### WORK ITEM
In the data below, set down exactly the lines from the one containing "石家庄市长安区教育局昨晚发布" up to and including the one containing "Apagar usuários ou grupos". Leave the pictures out.

### RECORD EXTRACTS
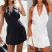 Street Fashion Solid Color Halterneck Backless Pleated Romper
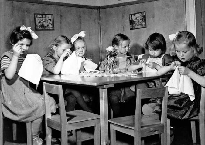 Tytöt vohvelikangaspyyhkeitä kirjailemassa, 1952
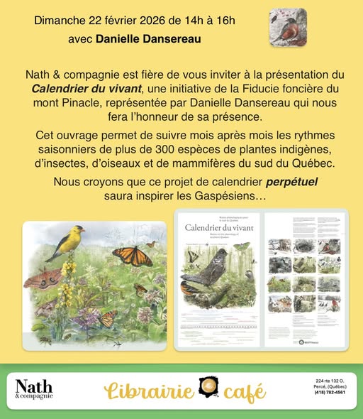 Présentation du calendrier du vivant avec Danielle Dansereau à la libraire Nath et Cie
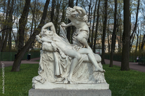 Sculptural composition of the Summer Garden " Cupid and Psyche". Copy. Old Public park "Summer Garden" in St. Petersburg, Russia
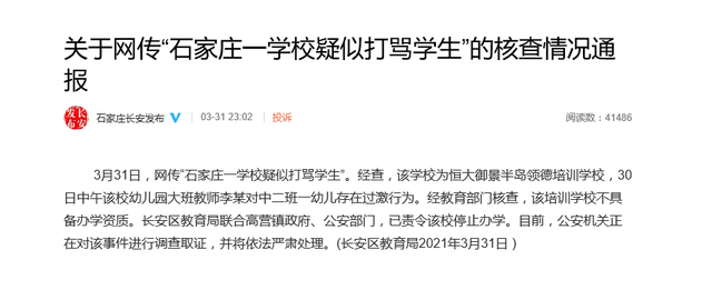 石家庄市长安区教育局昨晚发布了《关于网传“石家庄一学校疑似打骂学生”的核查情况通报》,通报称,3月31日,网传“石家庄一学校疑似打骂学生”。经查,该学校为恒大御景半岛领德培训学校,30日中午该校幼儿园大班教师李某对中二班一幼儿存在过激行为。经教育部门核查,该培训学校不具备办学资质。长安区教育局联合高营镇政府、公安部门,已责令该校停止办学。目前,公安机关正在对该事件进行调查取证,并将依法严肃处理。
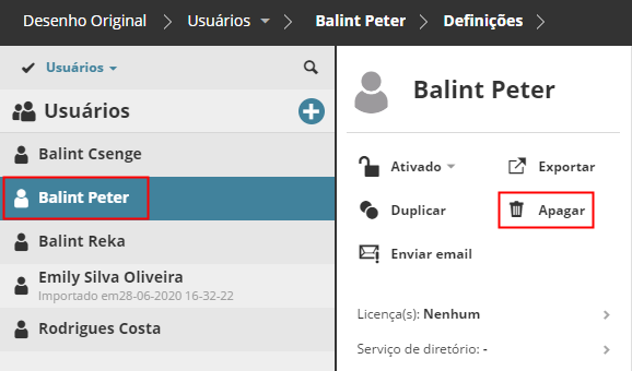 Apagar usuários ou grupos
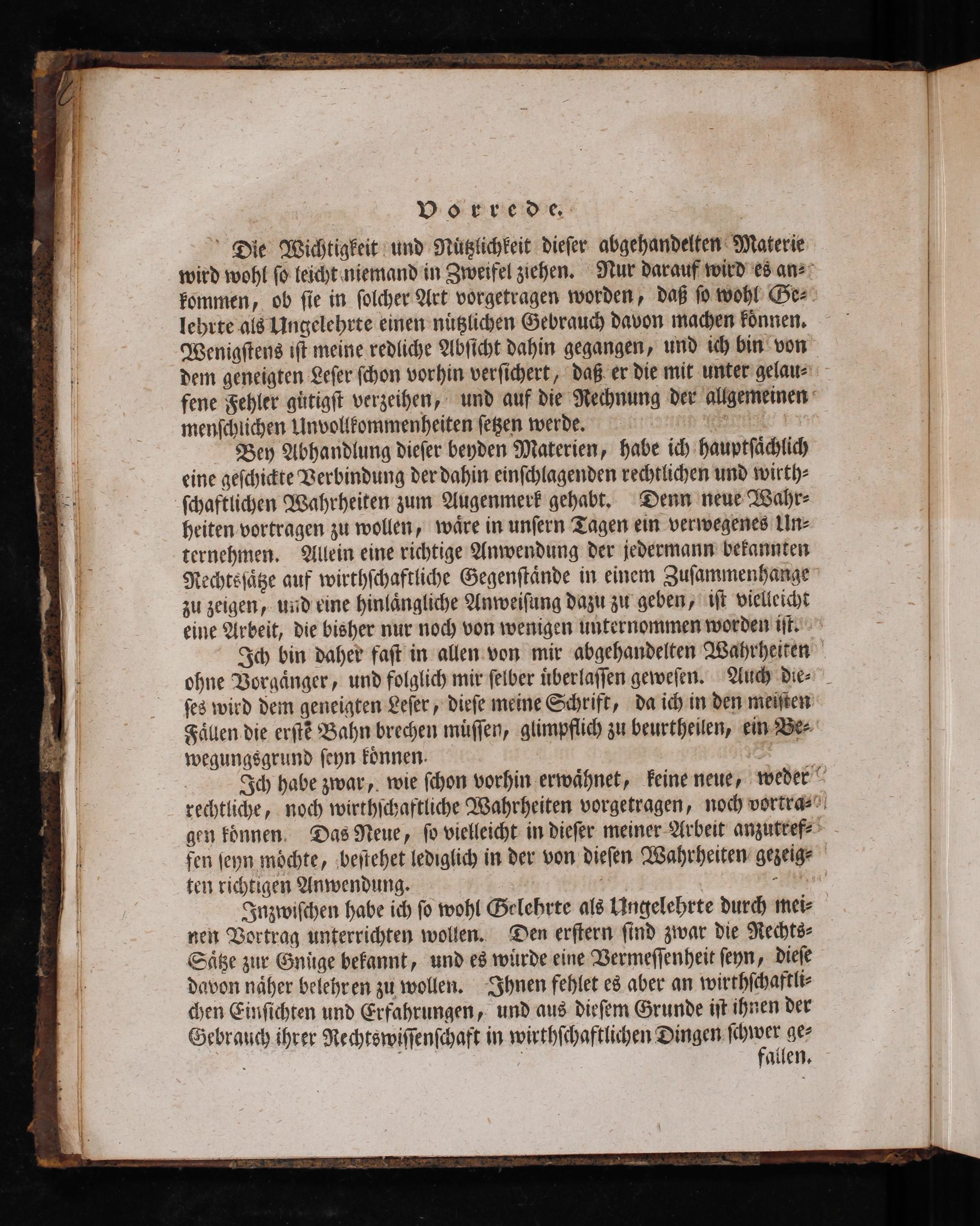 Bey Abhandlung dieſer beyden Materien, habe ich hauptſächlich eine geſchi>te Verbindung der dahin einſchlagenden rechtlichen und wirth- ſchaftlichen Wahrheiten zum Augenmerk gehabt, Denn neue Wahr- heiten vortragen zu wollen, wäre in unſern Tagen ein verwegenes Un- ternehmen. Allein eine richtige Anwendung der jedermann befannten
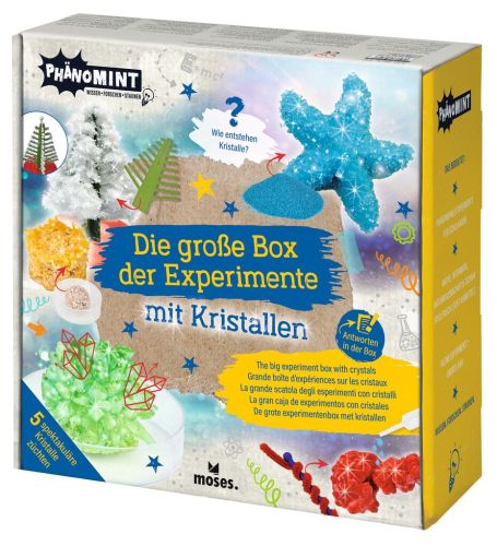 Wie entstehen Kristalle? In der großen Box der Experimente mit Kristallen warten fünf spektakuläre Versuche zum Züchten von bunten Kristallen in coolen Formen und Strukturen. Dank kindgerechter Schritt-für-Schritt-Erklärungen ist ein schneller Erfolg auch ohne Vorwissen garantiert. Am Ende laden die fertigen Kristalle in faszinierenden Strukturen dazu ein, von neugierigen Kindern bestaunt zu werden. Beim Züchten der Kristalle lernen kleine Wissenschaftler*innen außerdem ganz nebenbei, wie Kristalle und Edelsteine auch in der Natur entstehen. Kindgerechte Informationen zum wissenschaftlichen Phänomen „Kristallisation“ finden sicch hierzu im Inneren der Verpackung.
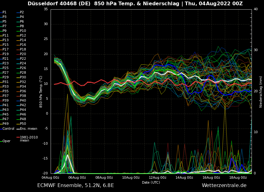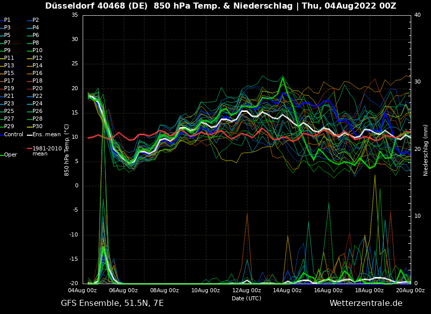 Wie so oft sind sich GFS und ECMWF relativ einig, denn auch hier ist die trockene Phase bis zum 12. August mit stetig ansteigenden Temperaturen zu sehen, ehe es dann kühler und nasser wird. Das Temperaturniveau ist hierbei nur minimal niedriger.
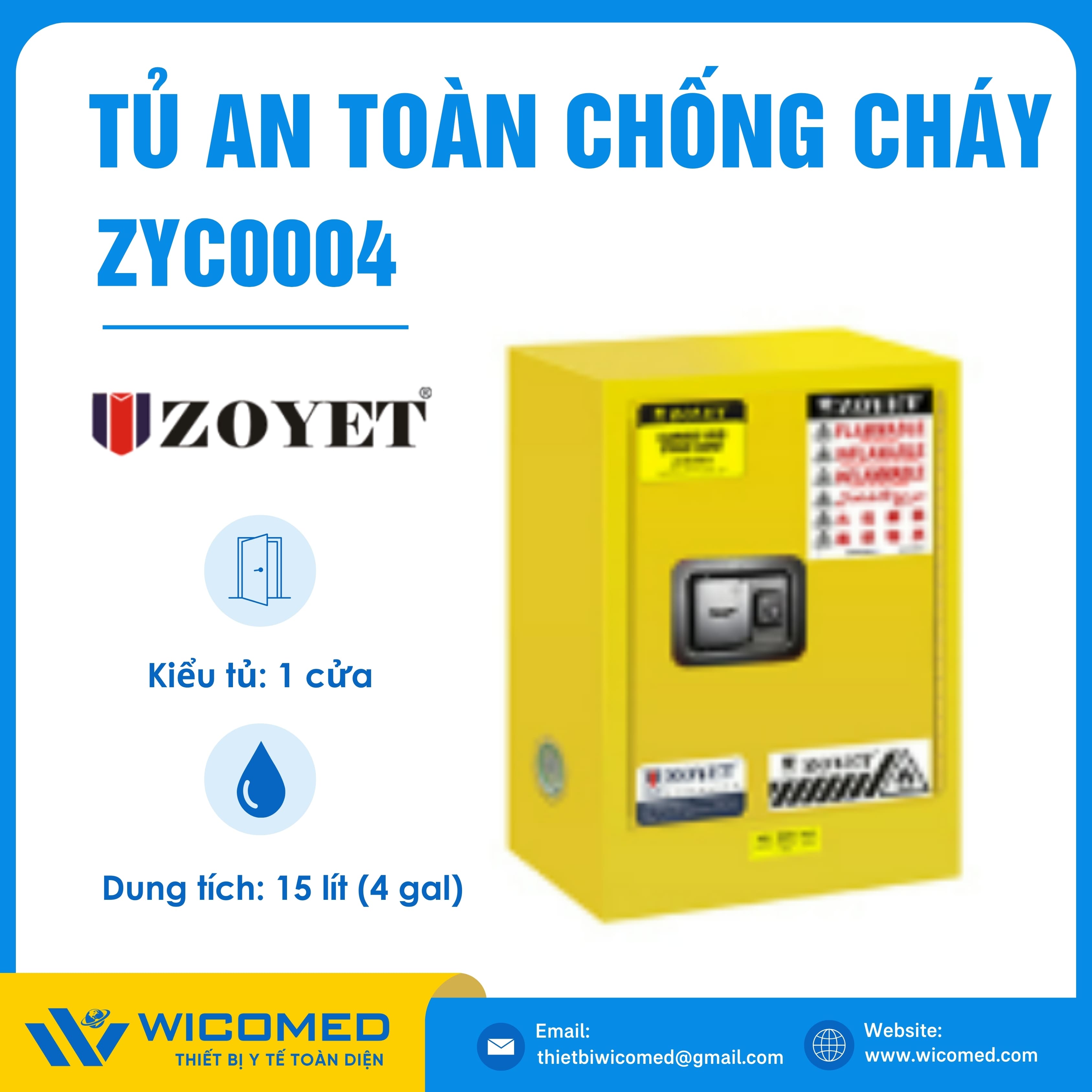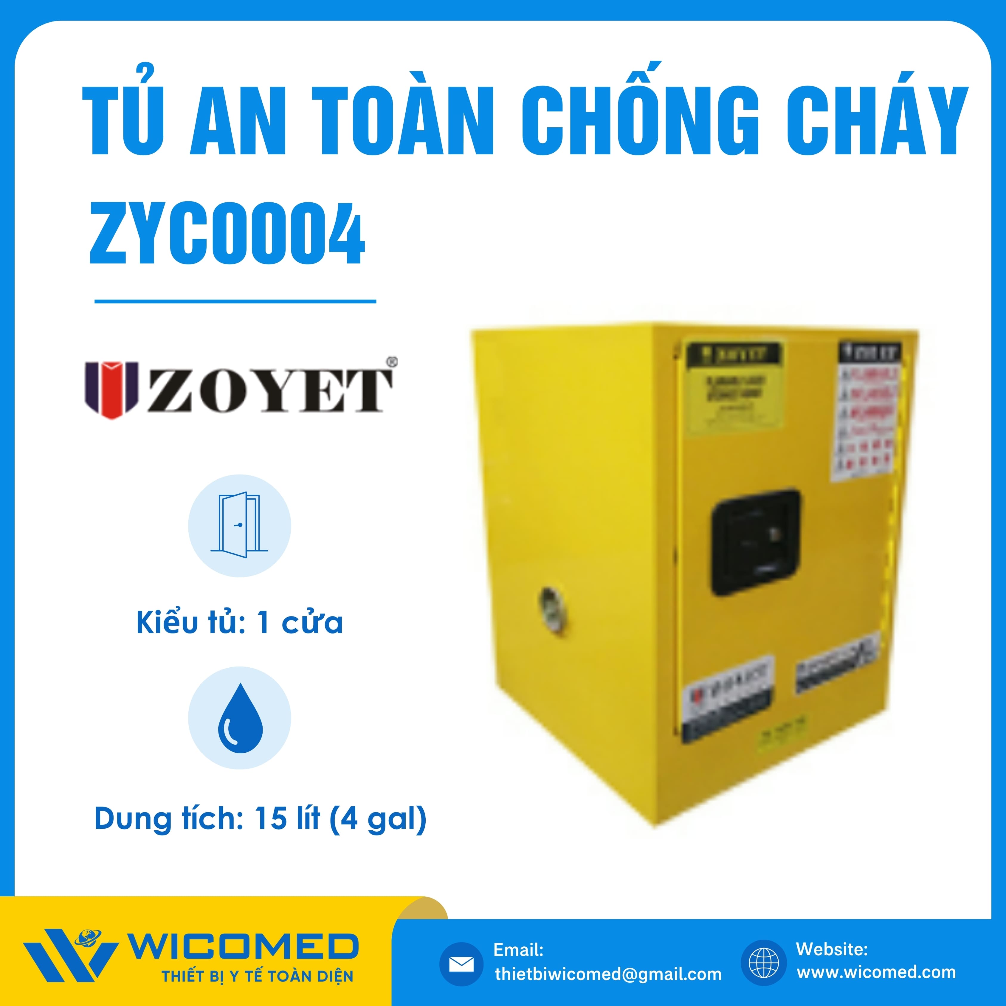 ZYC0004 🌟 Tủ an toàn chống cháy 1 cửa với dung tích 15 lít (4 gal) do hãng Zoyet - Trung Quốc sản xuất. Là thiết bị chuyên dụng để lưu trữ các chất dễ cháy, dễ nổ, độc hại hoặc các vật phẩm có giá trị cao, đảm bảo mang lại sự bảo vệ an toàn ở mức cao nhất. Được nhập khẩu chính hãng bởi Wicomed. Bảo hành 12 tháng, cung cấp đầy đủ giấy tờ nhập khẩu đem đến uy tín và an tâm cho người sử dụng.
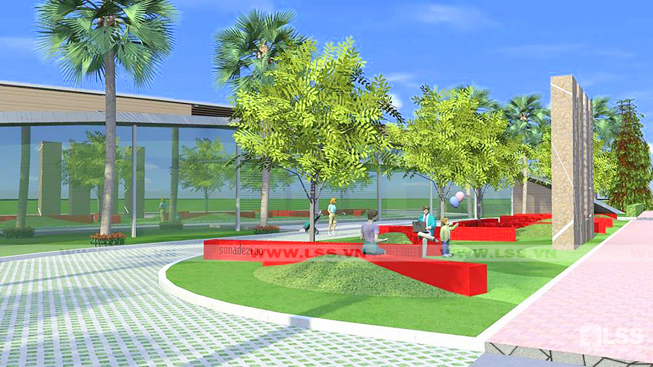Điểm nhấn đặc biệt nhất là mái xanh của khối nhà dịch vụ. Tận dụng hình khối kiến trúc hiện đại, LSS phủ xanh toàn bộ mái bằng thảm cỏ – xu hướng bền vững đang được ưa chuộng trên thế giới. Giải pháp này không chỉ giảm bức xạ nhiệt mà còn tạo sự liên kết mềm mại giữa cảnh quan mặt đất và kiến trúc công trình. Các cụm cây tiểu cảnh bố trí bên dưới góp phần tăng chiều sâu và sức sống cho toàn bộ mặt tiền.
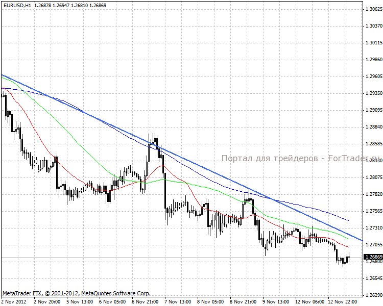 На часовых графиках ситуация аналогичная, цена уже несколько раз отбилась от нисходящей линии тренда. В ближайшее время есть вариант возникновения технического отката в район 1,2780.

### RESULT BELOW
 石家庄市长安区教育局昨晚发布了《关于网传“石家庄一学校疑似打骂学生”的核查情况通报》,通报称,3月31日,网传“石家庄一学校疑似打骂学生”。经查,该学校为恒大御景半岛领德培训学校,30日中午该校幼儿园大班教师李某对中二班一幼儿存在过激行为。经教育部门核查,该培训学校不具备办学资质。长安区教育局联合高营镇政府、公安部门,已责令该校停止办学。目前,公安机关正在对该事件进行调查取证,并将依法严肃处理。
 Apagar usuários ou grupos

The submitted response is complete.